EXTRACTED MATERIAL:

__________________________________________________

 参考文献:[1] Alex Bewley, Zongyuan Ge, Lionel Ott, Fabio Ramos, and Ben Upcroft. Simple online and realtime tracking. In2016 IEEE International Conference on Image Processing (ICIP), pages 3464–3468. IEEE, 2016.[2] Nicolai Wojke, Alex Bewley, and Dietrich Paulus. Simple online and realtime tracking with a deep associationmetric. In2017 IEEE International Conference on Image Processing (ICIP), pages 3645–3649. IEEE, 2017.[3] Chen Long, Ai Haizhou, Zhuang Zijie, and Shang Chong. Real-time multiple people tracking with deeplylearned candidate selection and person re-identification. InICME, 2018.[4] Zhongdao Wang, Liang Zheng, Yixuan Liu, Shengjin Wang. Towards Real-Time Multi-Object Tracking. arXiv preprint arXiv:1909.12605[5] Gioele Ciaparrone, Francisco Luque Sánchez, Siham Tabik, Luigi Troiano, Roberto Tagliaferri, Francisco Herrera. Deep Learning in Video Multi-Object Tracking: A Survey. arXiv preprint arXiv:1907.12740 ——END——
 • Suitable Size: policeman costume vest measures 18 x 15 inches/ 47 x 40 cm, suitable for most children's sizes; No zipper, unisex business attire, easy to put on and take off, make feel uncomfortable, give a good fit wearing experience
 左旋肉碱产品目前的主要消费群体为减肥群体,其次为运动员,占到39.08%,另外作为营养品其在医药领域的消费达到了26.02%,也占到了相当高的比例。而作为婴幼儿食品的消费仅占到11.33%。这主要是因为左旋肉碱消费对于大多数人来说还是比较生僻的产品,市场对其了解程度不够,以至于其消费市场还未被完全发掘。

__________________________________________________

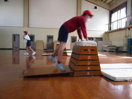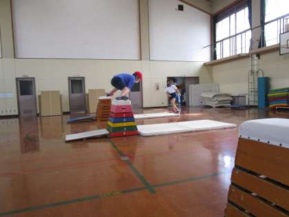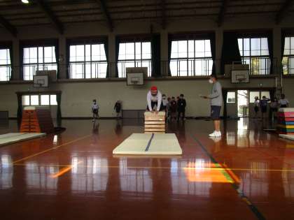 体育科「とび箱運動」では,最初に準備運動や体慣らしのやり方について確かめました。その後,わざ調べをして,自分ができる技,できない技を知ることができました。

__________________________________________________

From the material above, set down exactly the lines between the line holding "fit wearing experience" and the line holding "左旋肉碱产品目前的主要消费群", inclusive. Include nothing else.

 • Suitable Size: policeman costume vest measures 18 x 15 inches/ 47 x 40 cm, suitable for most children's sizes; No zipper, unisex business attire, easy to put on and take off, make feel uncomfortable, give a good fit wearing experience
 左旋肉碱产品目前的主要消费群体为减肥群体,其次为运动员,占到39.08%,另外作为营养品其在医药领域的消费达到了26.02%,也占到了相当高的比例。而作为婴幼儿食品的消费仅占到11.33%。这主要是因为左旋肉碱消费对于大多数人来说还是比较生僻的产品,市场对其了解程度不够,以至于其消费市场还未被完全发掘。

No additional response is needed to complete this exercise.